I recently wrote a letter to Sport car Compact about the article they wrote about the spec-v. I am sure most of you all read it, it was the one where they said the ser spec v pulled a 15.7 1/4 mile. I asked them how they pulled such a bad time. They said that they run there times on street asphalt and never on a real quarter mile. They said this is why the time may be inaccurate. I can't belive that a magazine would advertise 1/4 mile times that they recived not on a 1/4 mile. Does this seem unprofessional to anyone eles?


----------



## Blue2003SpecV (Dec 12, 2003)

That is the dumbest thing I have ever read. How can you post 1/4 mile times if you don't actually do a 1/4 mile in the car. Well I guess I can start making my own magazines. I'll just start making shit up. Great way to keep readers way to go Sport Car Magazine. Keep up the good work.


----------



## Blank (Aug 21, 2003)

they do it cuz there target readers dont do track time, some do, most don't so they test on the same road conditions there readers drive on, its more of a real world test, they also don't compensate for atmosphere and teperature. their resourses are not anywhere near a motortrend or car & driver etc. so they dont get track time... sucks, but thats reality... maybe if they get circulation numbers up, you will read about better tests

ps scc dosen't get cars long term either so comparison tests are hard


----------



## BIGBULS (Sep 24, 2002)

Blue2003SpecV said:


> That is the dumbest thing I have ever read. How can you post 1/4 mile times if you don't actually do a 1/4 mile in the car. Well I guess I can start making my own magazines. I'll just start making shit up. Great way to keep readers way to go Sport Car Magazine. Keep up the good work.



You are a fucking idiot.

They DID do the 1/4 mile, and they DID measure it just like ALL the other major car magazines............they have a test venue and use either a Stalker Radar gun, GPS based system or an optical 5th wheel to get their acceleration times.

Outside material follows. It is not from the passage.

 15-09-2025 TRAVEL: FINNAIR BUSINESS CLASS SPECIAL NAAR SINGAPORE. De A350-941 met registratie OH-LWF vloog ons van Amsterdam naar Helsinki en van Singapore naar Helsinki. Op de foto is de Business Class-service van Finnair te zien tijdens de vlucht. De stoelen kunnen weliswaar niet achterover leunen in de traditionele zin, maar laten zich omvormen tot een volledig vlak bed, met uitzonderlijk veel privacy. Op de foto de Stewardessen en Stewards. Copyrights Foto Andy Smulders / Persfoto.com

But they do it at whatever test venue they happen to have (SCC uses the California Speedway, Car and Driver uses the Chrysler proving grounds etc.)...........they do NOT do it at a dragstrip where track prep makes a huge difference (spraying down VHT and such).

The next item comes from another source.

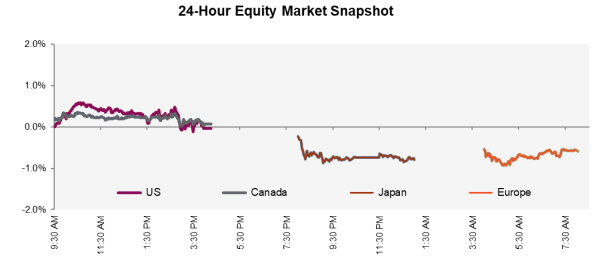 U.S. equity futures are lower this morning as investors digest a slate of key economic reports that were delayed by the U.S. government shutdown. The Nasdaq has fallen for three straight sessions as AI-related unease mounts. In Canada, the TSX is looking to open lower, pressured by energy shares after Trump said Russia and Ukraine were closer to a peace deal, pushing oil prices down. While European leaders have vowed to protect Ukraine against Russian aggression and the U.S. has offered security guarantees, disagreements over Ukrainian territory remain. In Europe, defence stocks declined alongside oil, with Brent trading near a four-year low after falling below $60 a barrel (see commodities below for details).

Obviously, you are going to be able to beat their times slightly on a nicely prepped strip, and/or a cool day if you know how to drive..........

I should also point out, that car mags do their testing in street trim....that means NO tire pressure monkeying, NO wieght reduction (they leave the spare and jack in the car), and a FULL tank of gas (which is ALSO how they weigh the cars).



BTW........Car and Driver ALSO ran a 15.7 with a 2003 Spec V.




Also..........I've seen a fair few Spec V's run a LOT slower than 15.7 at the dragstrip with their monkey drivers........


----------



## Blank (Aug 21, 2003)

BIGBULS said:


> You are a fucking idiot.



damn, calm down man...


----------



## BIGBULS (Sep 24, 2002)

Well, if he would have used that mushy thing between his ears he might not have spouted off anything that stupid.


----------



## FletchSpecV (Nov 26, 2002)

BIGBULS said:


> You are a fucking idiot.
> 
> They DID do the 1/4 mile, and they DID measure it just like ALL the other major car magazines............they have a test venue and use either a Stalker Radar gun, GPS based system or an optical 5th wheel to get their acceleration times.
> 
> ...


He is right though, . Later.


----------



## myoung (Apr 15, 2002)

FletchSpecV said:


> He is right though, . Later.


Although starting an educated explaination or trying to state the facts to someone less knowing with a start like You F***** Idiot isn't exactly a cool thing to do, if you want to make a point or teach someone something.


----------



## Misanthrope1144 (Jan 6, 2004)

myoung said:


> Although starting an educated explaination or trying to state the facts to someone less knowing with a start like You F***** Idiot isn't exactly a cool thing to do, if you want to make a point or teach someone something.


he is right , there are a few guys on this forum that just can't handle it when people don't know as much as them. I know i say wrong things some times , but you don't have to be so aggressive about it , just say "ur wrong , and this is why" - type thing. But , whatever , can't we all just get along? :cheers:


----------



## BIGBULS (Sep 24, 2002)

I might have been a little overaggressive in my response, but what he said was incredibly ignorant.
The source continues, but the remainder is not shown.